Dataset excerpts:
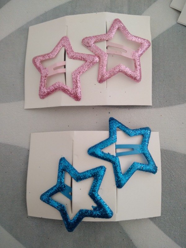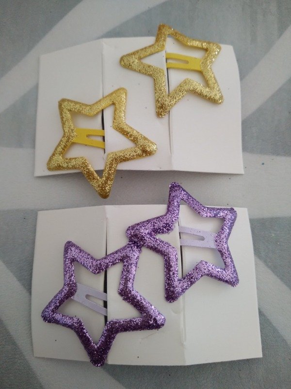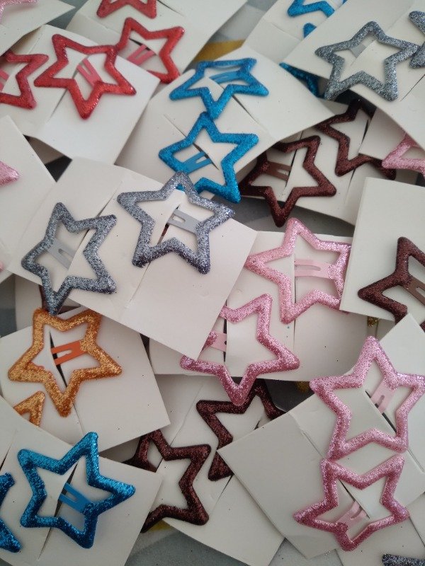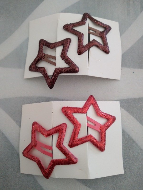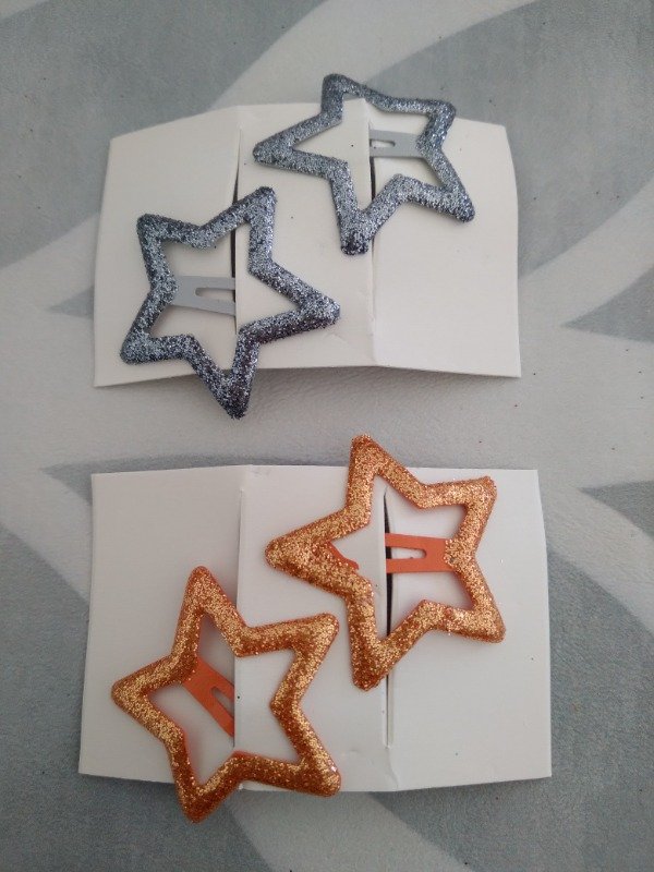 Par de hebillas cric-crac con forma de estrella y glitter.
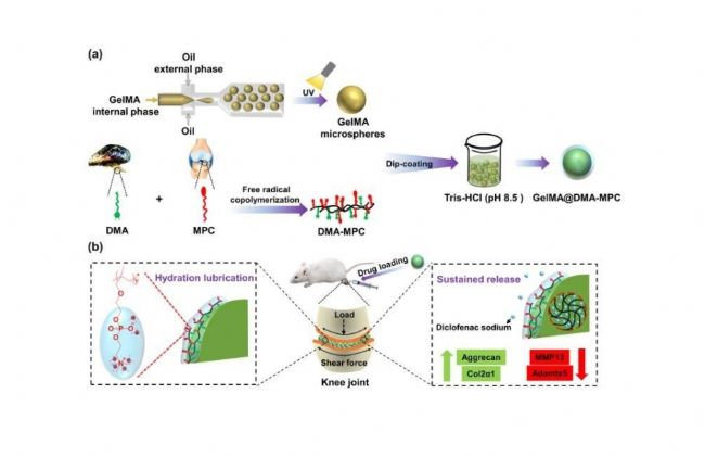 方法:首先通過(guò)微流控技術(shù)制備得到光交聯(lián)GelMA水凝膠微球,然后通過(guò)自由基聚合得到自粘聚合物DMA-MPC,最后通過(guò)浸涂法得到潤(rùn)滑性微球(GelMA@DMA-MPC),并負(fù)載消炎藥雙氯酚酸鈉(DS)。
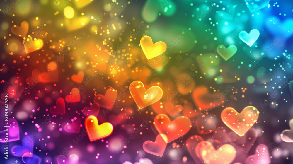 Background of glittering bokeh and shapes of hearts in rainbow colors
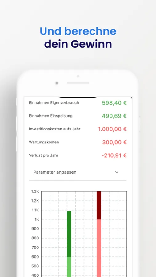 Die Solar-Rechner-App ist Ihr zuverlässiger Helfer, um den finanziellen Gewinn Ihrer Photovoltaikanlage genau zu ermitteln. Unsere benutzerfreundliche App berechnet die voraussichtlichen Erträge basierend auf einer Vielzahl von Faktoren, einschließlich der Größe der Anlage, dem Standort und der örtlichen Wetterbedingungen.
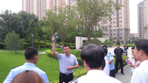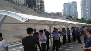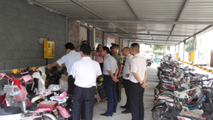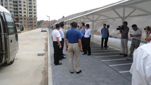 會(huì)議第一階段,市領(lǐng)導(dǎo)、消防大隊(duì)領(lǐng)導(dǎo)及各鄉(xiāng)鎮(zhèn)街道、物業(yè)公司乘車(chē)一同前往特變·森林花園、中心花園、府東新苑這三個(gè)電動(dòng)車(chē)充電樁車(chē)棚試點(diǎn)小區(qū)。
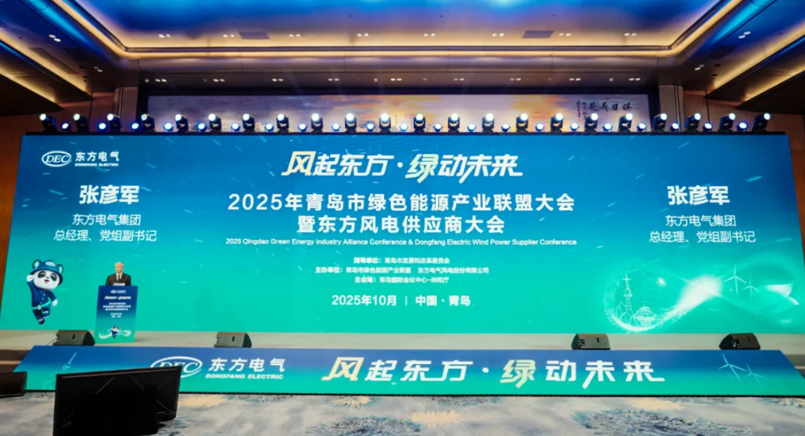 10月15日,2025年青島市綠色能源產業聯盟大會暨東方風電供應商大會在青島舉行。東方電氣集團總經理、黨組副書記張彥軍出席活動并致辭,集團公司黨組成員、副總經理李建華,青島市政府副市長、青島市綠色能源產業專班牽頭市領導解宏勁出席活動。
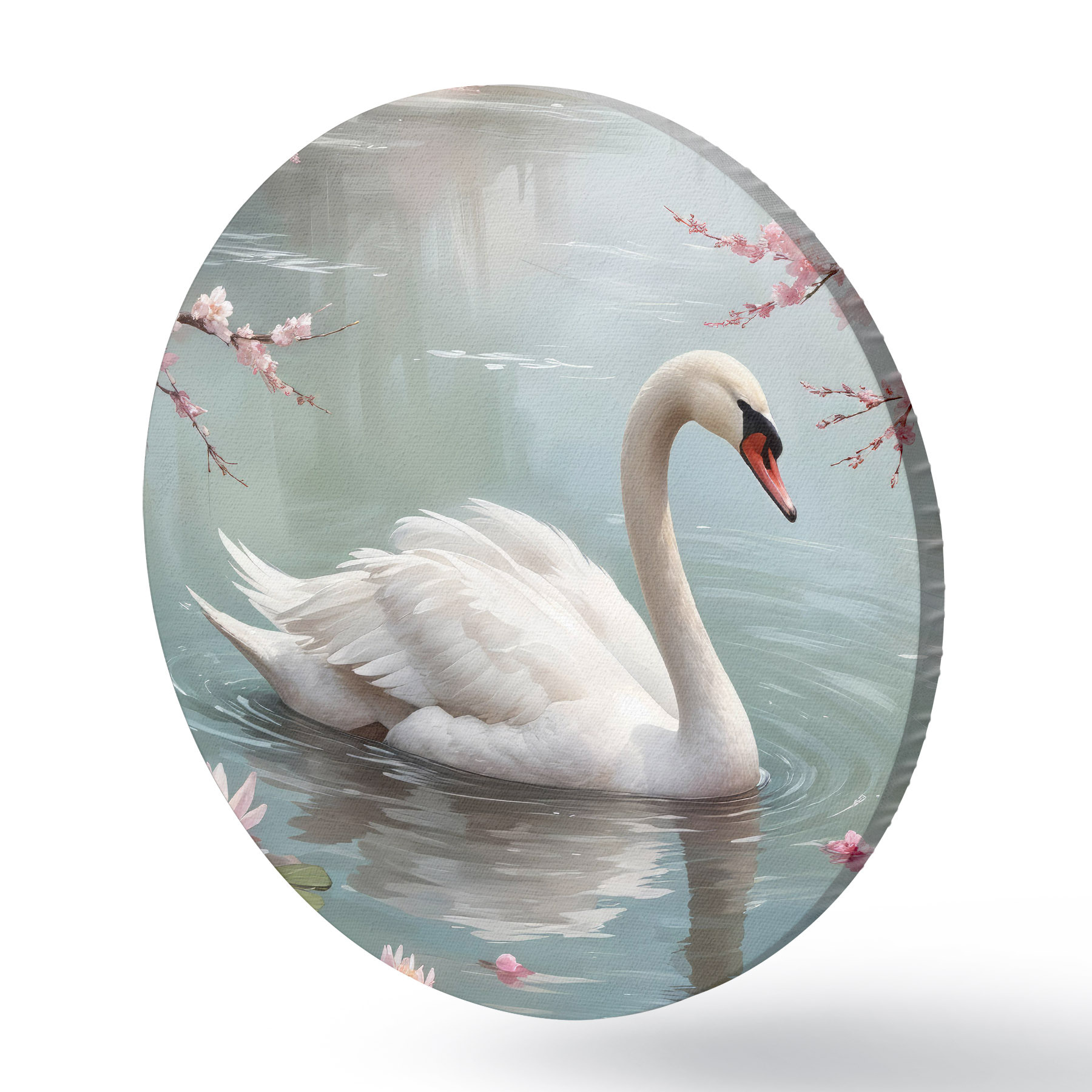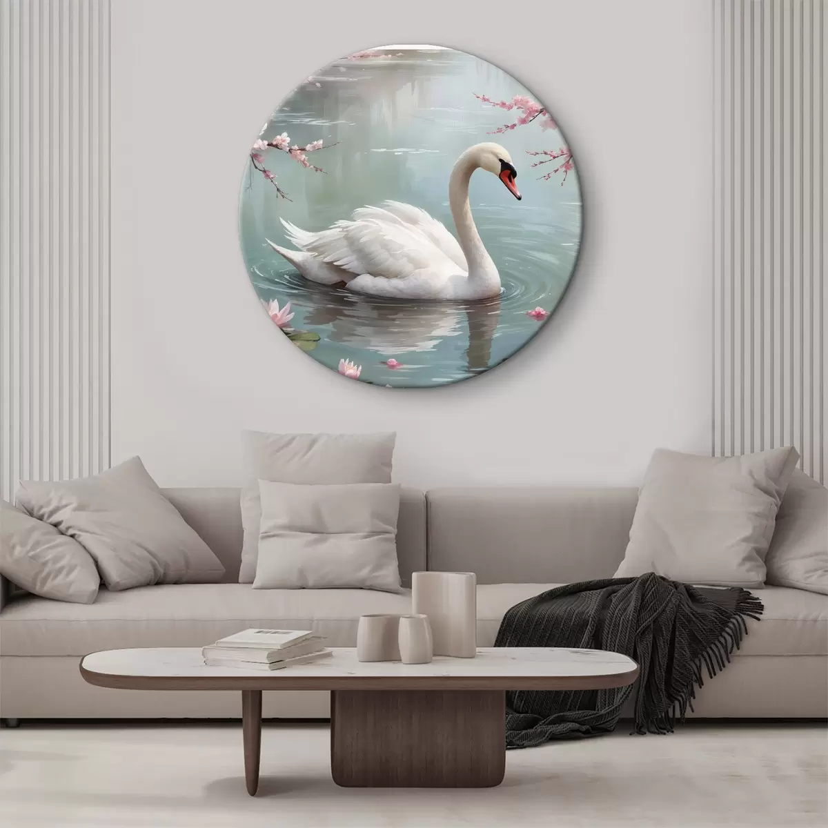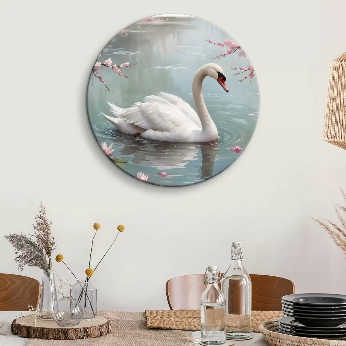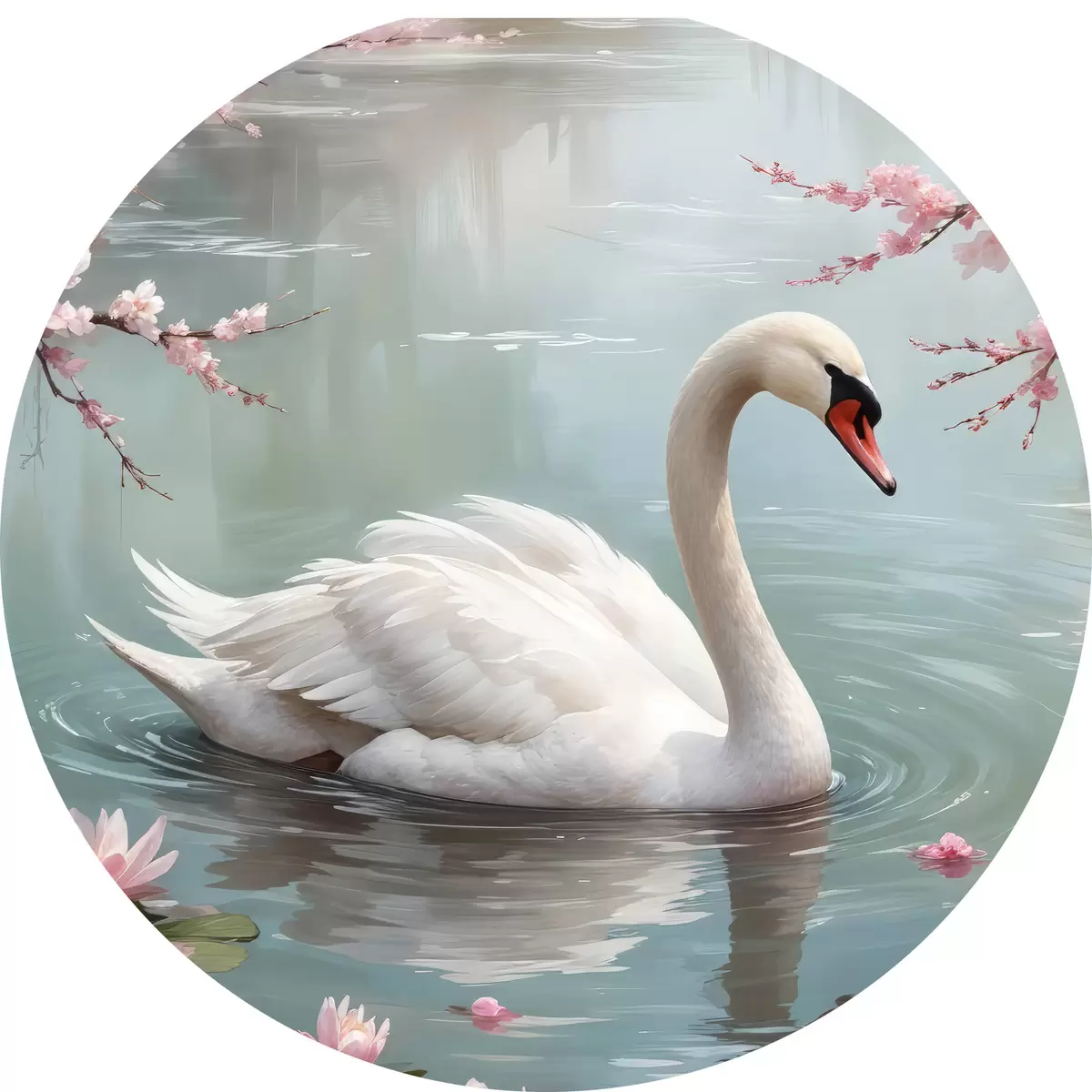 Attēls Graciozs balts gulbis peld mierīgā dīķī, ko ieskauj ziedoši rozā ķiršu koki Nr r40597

---

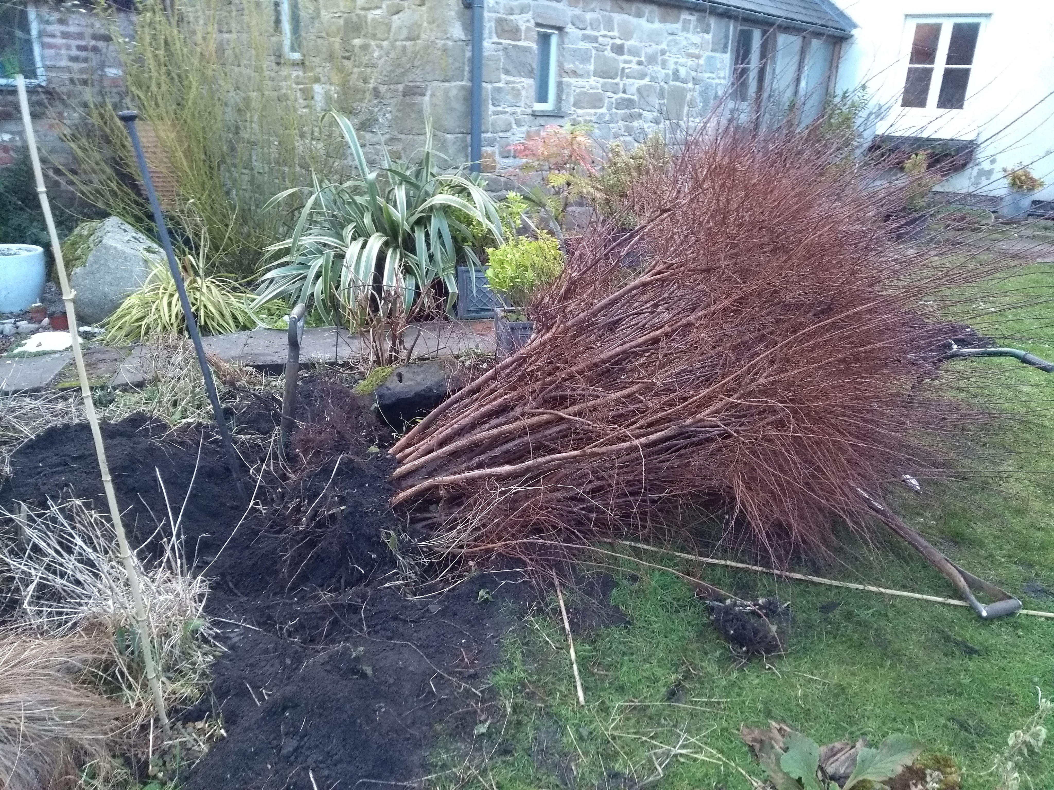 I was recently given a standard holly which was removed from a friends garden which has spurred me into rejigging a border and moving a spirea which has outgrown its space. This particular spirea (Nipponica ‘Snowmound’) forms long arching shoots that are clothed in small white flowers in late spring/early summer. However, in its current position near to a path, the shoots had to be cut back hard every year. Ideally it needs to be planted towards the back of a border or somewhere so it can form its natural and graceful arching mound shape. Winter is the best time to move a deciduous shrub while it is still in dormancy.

Exercise objective: The material above holds pictures; leave them out. Repeat exactly the lines from the one containing "10月15日,2025年青島" through the one containing "Attēls Graciozs balts", and nothing else.

Worked solution:
 10月15日,2025年青島市綠色能源產業聯盟大會暨東方風電供應商大會在青島舉行。東方電氣集團總經理、黨組副書記張彥軍出席活動并致辭,集團公司黨組成員、副總經理李建華,青島市政府副市長、青島市綠色能源產業專班牽頭市領導解宏勁出席活動。
 Attēls Graciozs balts gulbis peld mierīgā dīķī, ko ieskauj ziedoši rozā ķiršu koki Nr r40597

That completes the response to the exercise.